Congratulations on the data. Two questions for me. I recognize that the data collection is still continuing. But just curious if you could share anything on what you saw with the FibroScan measurements or other fibrosis biomarkers and when we might see that data?

Those data are -- have not been analyzed and now analyses are being conducted -- will be conducted over the next few weeks. We do expect to have additional data to share but within a reasonable time frame from today without specifying the exact date.

Got it. And then just with the totality of the data you have now, does this change your outlook for MAESTRO-NASH in anyway? And then can you just confirm that this is still on track for top line release in the third quarter of this year?

MAESTRO-NASH is still on track for the third quarter. As we had indicated in making a decision on the dosing and strategy for MAESTRO-NASH, we believe that both doses, 80 and 100 milligrams, will successfully achieve the endpoints. Clearly, this study shows that. And it also increases confidence in the higher dose group of 100 milligrams, where we had really limited data until -- first, the open-label arm of MAESTRO-NAFLD and now this blinded 100-milligram dose arm.

Our next question comes from Akash Tewari with Jefferies.

So look, on the diarrhea signal, what was the percent of patients who're experiencing diarrhea at week 12, versus week 52? Does the diarrhea seem to be transient as we've seen historically? And did you introduce anything in your protocol to help patients manage the side effect? And then we also noticed on MRI-PDFF relative change for placebo. It was 6% at week 16, but it was plus 8% at week 52, which is a notable worsening over time. How surprising was that signal internally? And what are your kind of expectations for the Phase III NASH study on MRI-PDFF relative change at week 52?

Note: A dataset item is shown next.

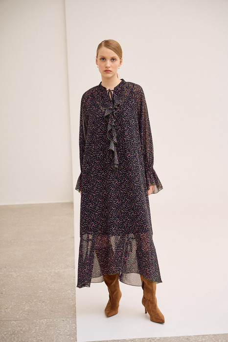 1681ТПлатье свободного кроя, выполнено из шифона, дизайн мелкий цветочек. Рукав длинный реглан, по низу рукава резинка. Глубокий V-образный вырез горловины, в который вставлена рюша, по горловине стойка на завязку, по середине выреза застежка на навесной потайной крючок. По линии талии по переду и спинке кулиса на завязку, по низу платья притачной волан. В комплект входит платье-комбинация из трикотажной подкладки на бретелях.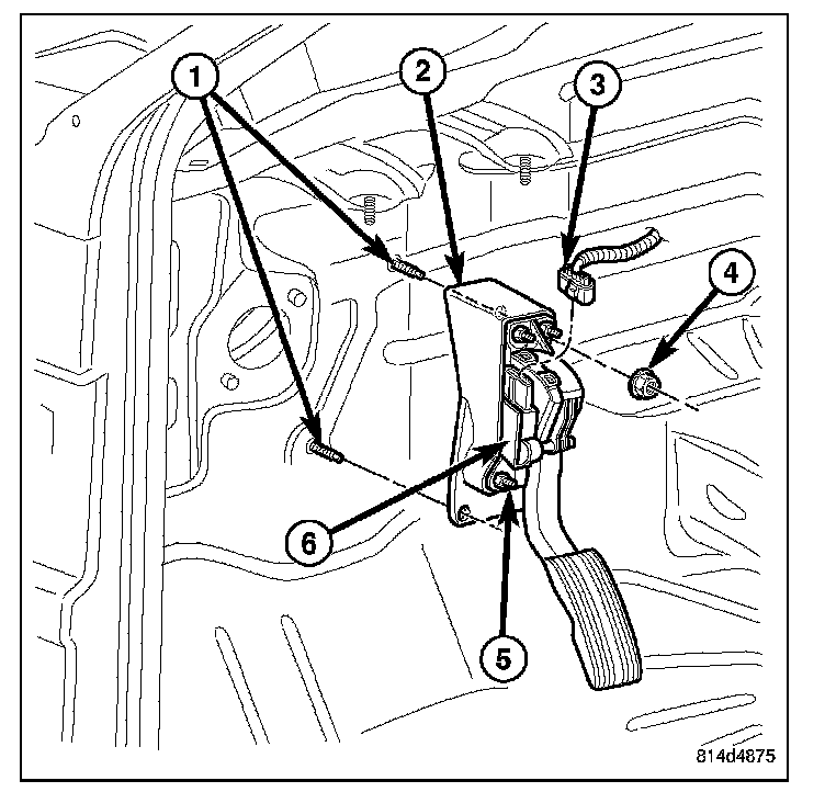 The Accelerator Pedal Position Sensor (APPS) (6) is attached to the accelerator pedal assembly under the instrument panel.

So first of all, this is -- diarrhea is mild. Typically, single or a few loose stools at the beginning of therapy. This study is not -- in Phase II, we showed that there was no increase in diarrhea except at the initiation of therapy. This study, we expect to be consistent with that open-label arm, [indiscernible] we have analyzed is consistent with that. But this study has not yet been analyzed, but we're confident that we'll see the same thing that this is a self-limited, mild increase that appears to be specific to this patient population as it has not been observed in healthy volunteers at 100-milligram dose or other doses used in Phase I studies. In terms of the PDFF, it's very analogous to what we saw in Phase II, where -- first of all, let me just say that I think if you look at the placebo data in the study, this shows you that this is a well-controlled study. So the placebos had well-managed lipids. They didn't have an increase as we sometimes see in LDL or triglycerides during the study. The reduction in PDFF in placebo, and it should have said -- the slide has a type of split, should say minus 8%. So minus 6% and minus 8% is also similar to what we saw in the Phase II study, where the placebos had a similar PDFF reduction. So there's nothing in this study that's inconsistent with what we've seen previously in the placebo. So there's a clear differentiation between resmetirom and the placebo throughout the duration of this study at both 16 weeks and at 52 weeks.

Our next question comes from Yasmeen Rahimi with Piper Sandler.

Congratulations to the data. I have 2 questions for you. The first question is, team, could you maybe comment on a little bit more, whether, on the safety side, do you see any abnormalities or deviations in the [ PTR ] axis, any bone biomarker preferences such as the DEXA? Any patients exhibiting liver enzyme elevations? And then I have a second question.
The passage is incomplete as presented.